Fig. 1 is a schematic diagram of cargo throwing behavior of a courier.

Detailed Description

The invention is described in further detail with reference to the figures and specific embodiments.

a. modeling phase

Step3.1: when updating d_kWhile, calculating an error matrix E_kWherein

After obtaining, it is correspondingly updated to the original

Step3.5：j＝j+1；

b. Sparse representation phase of bone points

Inputting: a skeleton point vector y to be analyzed and a dictionary D;

and (3) outputting: sparse feature x of the skeletal point vector;

c. a behavioral analysis phase

step 1: apparent feature throwing/kicking analysis based on dictionary learning

step 2: trajectory-based cast/kick analysis

Simularity(G,H)＝max{Simularity(gi,hj)|gi∈G,hj∈H}；

P＝Simularity(G,H)*Ps；

d. stage of behavior judgment

The invention mainly studies the throwing/kicking behavior of the courier at present, and certainly, other non-standard behaviors with larger amplitude can be identified and analyzed by the method provided by the invention.

The above-described embodiments are intended to illustrate the present invention, but not to limit the present invention, and any modifications, equivalents, improvements, etc. made within the spirit of the present invention and the scope of the claims fall within the scope of the present invention.

Claims

1. The automatic identification method for the goods throwing/kicking behavior of the express industry based on the monocular camera is characterized by comprising the following steps of:

a. modeling phase

Step 3: column by column updating dictionary D^(j)Column d of the dictionary_k∈{d₁，d₂，…，d_K}；

Step3.1: when updating d_kWhile, calculating an error matrix E_kWherein

Step3.4: to E'_kSingular value decomposition of E'_k＝U∑V^TColumn 1 of U is taken to update column k of the dictionary, i.e. d_kU (·, 1); order to

After obtaining, it is correspondingly updated to the original

Step3.5：j＝j+1；

b.

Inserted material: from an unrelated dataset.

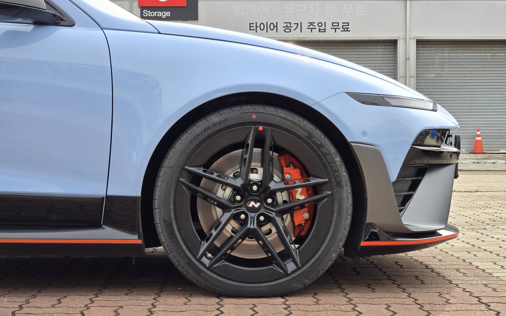 The wheels are 1.5 kg lighter than the stock units, reducing unsprung weight by 6 kg. This weight-saving treatment is complemented by an N-branded suspension upgrade including model-specific shock absorbers and geometry. The primary goal is to lower the IONIQ 6 N’s roll centre by 100 mm compared to the base car.

Sparse representation phase of bone points

Inputting: a skeleton point vector y to be analyzed and a dictionary D;

and (3) outputting: sparse feature x of the skeletal point vector;

the method comprises the following steps: the following optimization problem is solved by using an orthogonal matching pursuit algorithm OMP:

c. a behavioral analysis phase

step 1: apparent feature throwing/kicking analysis based on dictionary learning

Forming a subspace by using sparse codes of the throwing/kicking goods data set, calculating the distance between the sparse feature of the behavior to be analyzed and the subspace, normalizing the distance to 0 to 1, recording the distance as Ps, and defining the distance as throwing/kicking goods if Ps is less than a set threshold value; otherwise, the normal operation behavior is determined;

step 2: trajectory-based cast/kick analysis

Simularity(G,H)＝max{Simularity(gi,hj)|gi∈G,hj∈H}；

simulity (G, H) is normalized to 0 to 1 and is noted simulity (G, H)';

P＝Simularity(G,H)′*Ps

d. stage of behavior judgment

If the fusion probability P is smaller than a threshold set by a user, judging the behavior as a throwing/kicking behavior; wherein the user-set threshold value can be obtained through training of the neural network.